Data>
..........

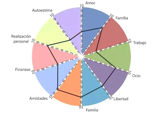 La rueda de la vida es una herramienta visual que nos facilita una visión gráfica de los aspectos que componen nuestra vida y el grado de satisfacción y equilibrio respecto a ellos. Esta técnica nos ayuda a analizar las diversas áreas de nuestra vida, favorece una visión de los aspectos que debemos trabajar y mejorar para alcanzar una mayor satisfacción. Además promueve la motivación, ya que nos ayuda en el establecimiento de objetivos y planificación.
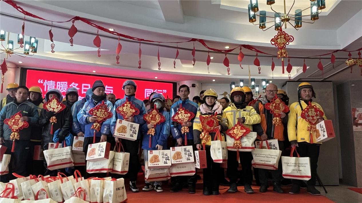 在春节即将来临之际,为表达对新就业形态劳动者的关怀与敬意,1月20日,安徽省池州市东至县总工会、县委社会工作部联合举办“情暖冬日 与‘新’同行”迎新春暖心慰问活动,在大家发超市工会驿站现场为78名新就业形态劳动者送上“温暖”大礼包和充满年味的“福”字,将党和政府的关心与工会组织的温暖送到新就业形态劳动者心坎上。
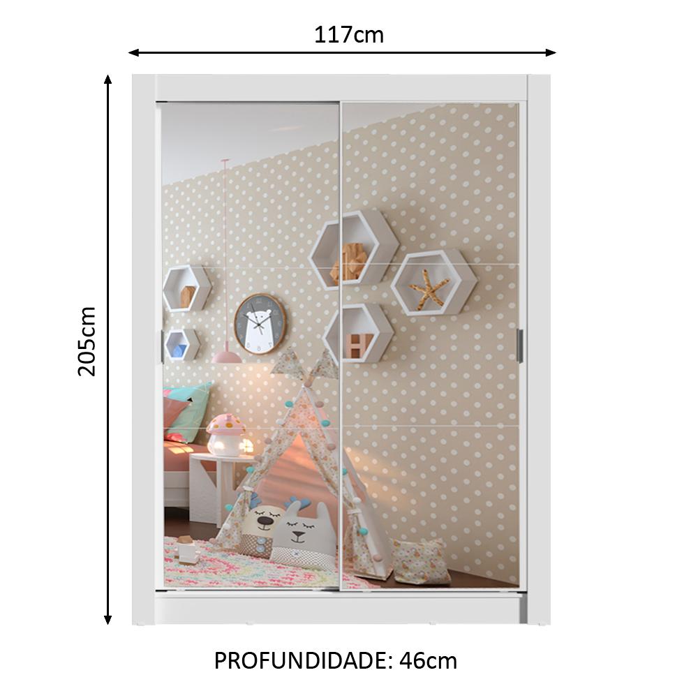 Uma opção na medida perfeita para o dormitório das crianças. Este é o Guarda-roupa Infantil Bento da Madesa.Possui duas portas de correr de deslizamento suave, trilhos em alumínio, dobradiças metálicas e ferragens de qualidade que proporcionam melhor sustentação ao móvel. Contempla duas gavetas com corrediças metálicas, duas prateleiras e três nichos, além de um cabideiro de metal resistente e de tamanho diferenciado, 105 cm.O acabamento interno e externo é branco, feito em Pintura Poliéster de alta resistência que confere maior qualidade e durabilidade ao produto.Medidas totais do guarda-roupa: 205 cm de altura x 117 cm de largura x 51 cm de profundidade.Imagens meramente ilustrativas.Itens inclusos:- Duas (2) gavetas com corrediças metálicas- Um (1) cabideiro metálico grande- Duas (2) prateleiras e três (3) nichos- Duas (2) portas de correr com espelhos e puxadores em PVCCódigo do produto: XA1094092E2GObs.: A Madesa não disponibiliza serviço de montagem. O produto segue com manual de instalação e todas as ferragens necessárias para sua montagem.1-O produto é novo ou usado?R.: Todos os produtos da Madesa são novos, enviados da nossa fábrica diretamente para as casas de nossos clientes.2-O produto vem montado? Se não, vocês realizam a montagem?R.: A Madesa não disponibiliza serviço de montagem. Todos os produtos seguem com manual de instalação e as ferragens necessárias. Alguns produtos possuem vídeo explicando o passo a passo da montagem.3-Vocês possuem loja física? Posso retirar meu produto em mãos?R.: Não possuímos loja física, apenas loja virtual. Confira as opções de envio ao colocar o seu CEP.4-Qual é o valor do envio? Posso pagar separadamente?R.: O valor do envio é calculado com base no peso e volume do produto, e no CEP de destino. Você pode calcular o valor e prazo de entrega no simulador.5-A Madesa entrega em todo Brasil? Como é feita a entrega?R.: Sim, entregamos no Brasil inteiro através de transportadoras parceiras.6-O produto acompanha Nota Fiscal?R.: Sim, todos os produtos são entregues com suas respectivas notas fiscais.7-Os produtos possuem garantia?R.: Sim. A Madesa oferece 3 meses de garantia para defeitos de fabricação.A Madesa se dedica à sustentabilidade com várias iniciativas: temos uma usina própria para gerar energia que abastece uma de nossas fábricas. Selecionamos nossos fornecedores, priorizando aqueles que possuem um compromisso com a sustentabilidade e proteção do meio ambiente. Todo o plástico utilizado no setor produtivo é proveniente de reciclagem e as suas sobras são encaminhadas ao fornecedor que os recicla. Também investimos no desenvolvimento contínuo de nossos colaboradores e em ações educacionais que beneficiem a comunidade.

..........

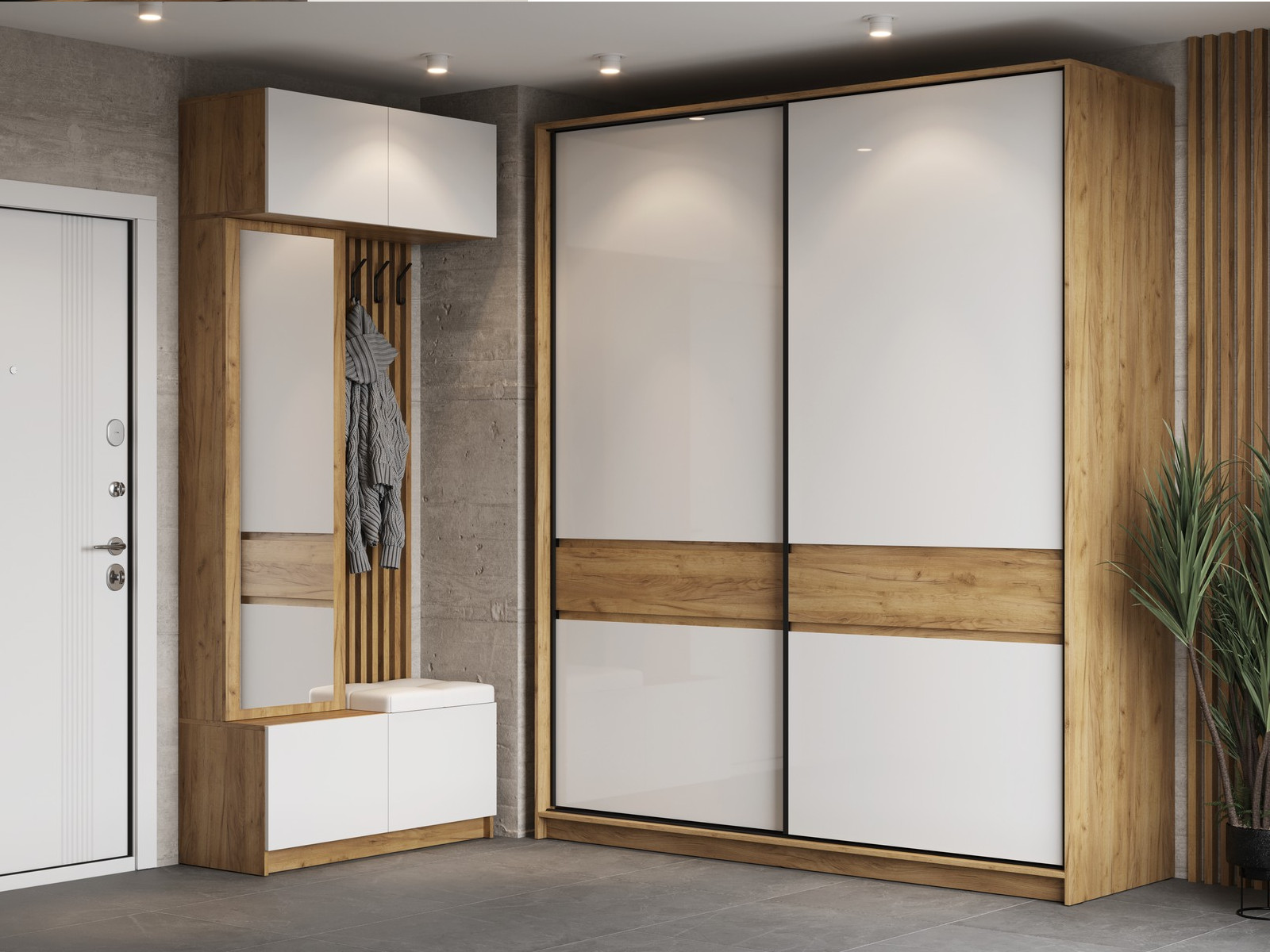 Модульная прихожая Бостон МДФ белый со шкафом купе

..........

Problem requirements> Please return the data above exactly as it stands from the line with "La rueda de" to the line with "在春节即将来临之际,为表达对", keeping both of those lines but none of the pictures.

Output for this task>
 La rueda de la vida es una herramienta visual que nos facilita una visión gráfica de los aspectos que componen nuestra vida y el grado de satisfacción y equilibrio respecto a ellos. Esta técnica nos ayuda a analizar las diversas áreas de nuestra vida, favorece una visión de los aspectos que debemos trabajar y mejorar para alcanzar una mayor satisfacción. Además promueve la motivación, ya que nos ayuda en el establecimiento de objetivos y planificación.
 在春节即将来临之际,为表达对新就业形态劳动者的关怀与敬意,1月20日,安徽省池州市东至县总工会、县委社会工作部联合举办“情暖冬日 与‘新’同行”迎新春暖心慰问活动,在大家发超市工会驿站现场为78名新就业形态劳动者送上“温暖”大礼包和充满年味的“福”字,将党和政府的关心与工会组织的温暖送到新就业形态劳动者心坎上。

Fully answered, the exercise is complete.